Zoro mantuvo la vista fija en Robin un instante, luego miró al paciente.
—¿Cómo fue la caída? —preguntó el peliverde.
—Oh, bueno, mis compañeros y yo estábamos amarrando las cuerdas del trapecio cuando me resbalé y caí… Deben haber sido unos dos metros más o menos. Yo no estaba tan arriba.
Robin se acercó para palpar cerca del abdomen, buscando algún signo de distensión, y preguntó:
—¿Trapecio?
—Sí, trabajo en el circo… ¿No han oído hablar de él? Llegamos hace poco.
Zoro y Robin intercambiaron miradas.
“Fenómeno de circo”.
Un hombre mayor entró torpemente por la puerta principal de urgencias.
—¡Norbit! ¿Cómo estás? ¿Y tu hermano?
El paciente volteó a mirar desde su camilla.
—¡Aquí estoy! —exclamó, levantando la mano.
El hombre se acercó y suspiró con alivio.
—Menos mal, muchacho. Te vi en la ambulancia y me asusté.
Zoro y Robin intercambiaron miradas antes de fijarse en el recién llegado.
—Soy Norbit el primero, su abuelo.
Ambos doctores asintieron, sin saber muy bien qué decir.
—¿Mini Norbit está bien? —preguntó el anciano, mirando a Robin y a Zoro.
—P-pues, de momento todo parece ir bien —explicó Robin amablemente—. Haremos un par de exámenes, lo mantendremos en observación y, si no hay nada mal, entonces podrá volver a lo de siempre...

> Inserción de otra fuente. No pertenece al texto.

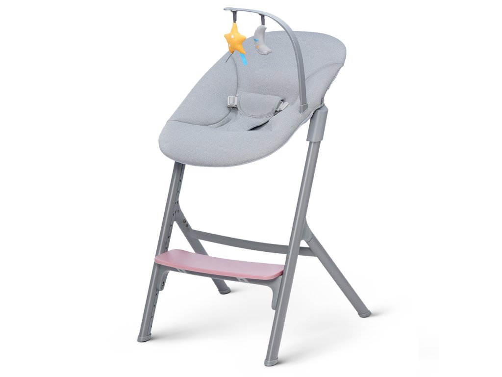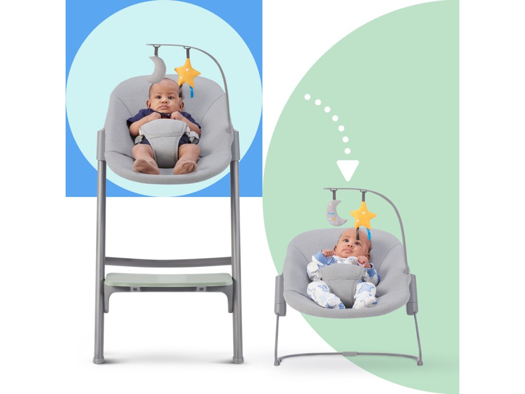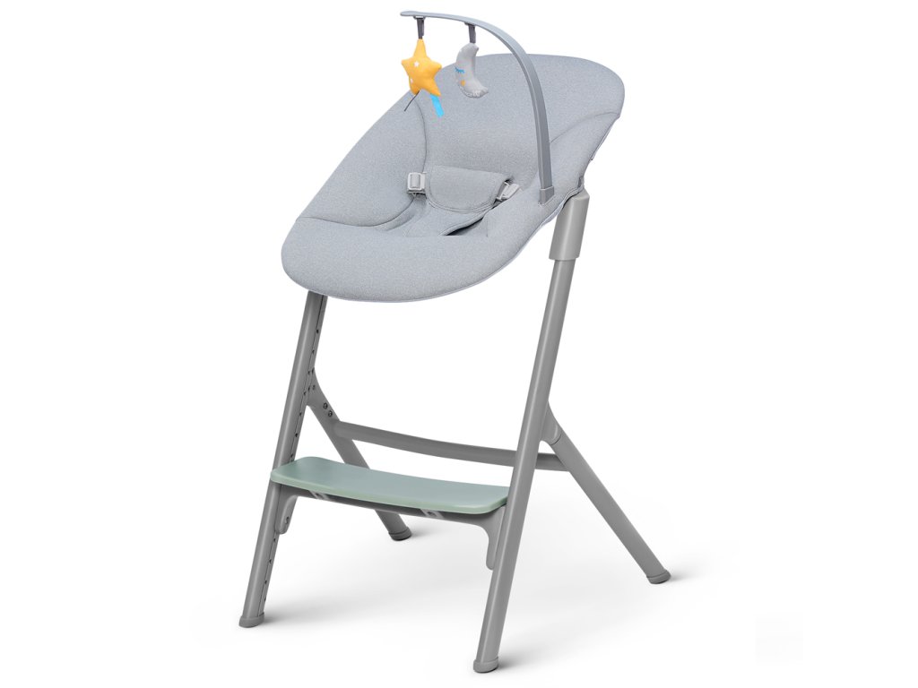 - vysoká hojdačka od narodenia – ležadlo sa môže používať spolu so stoličkou alebo samostatne. Vďaka závesným hračkám si bude dieťa trénovať jemnú motoriku.

Norbit el Primero suspiró aliviado.
—Espera —dijo Zoro secamente—. Tú eres Norbit, y tú, viejo, Norbit el Primero. ¿Entonces tu gemelo parásito es...?
—Mini Norbit —respondieron al unísono el paciente, su abuelo y Robin.
Zoro no pudo evitar pensar en lo increíble —y ridículo— que era todo aquello.
—Ordenemos un TAC —comentó Zoro mientras marcaba algunas casillas en su tablet. Luego echó una mirada a Mini Norbit.
—¿Uhm... no has tenido déficits nutricionales?
—Algunas veces, pero trato de cuidar mi alimentación —respondió tranquilamente.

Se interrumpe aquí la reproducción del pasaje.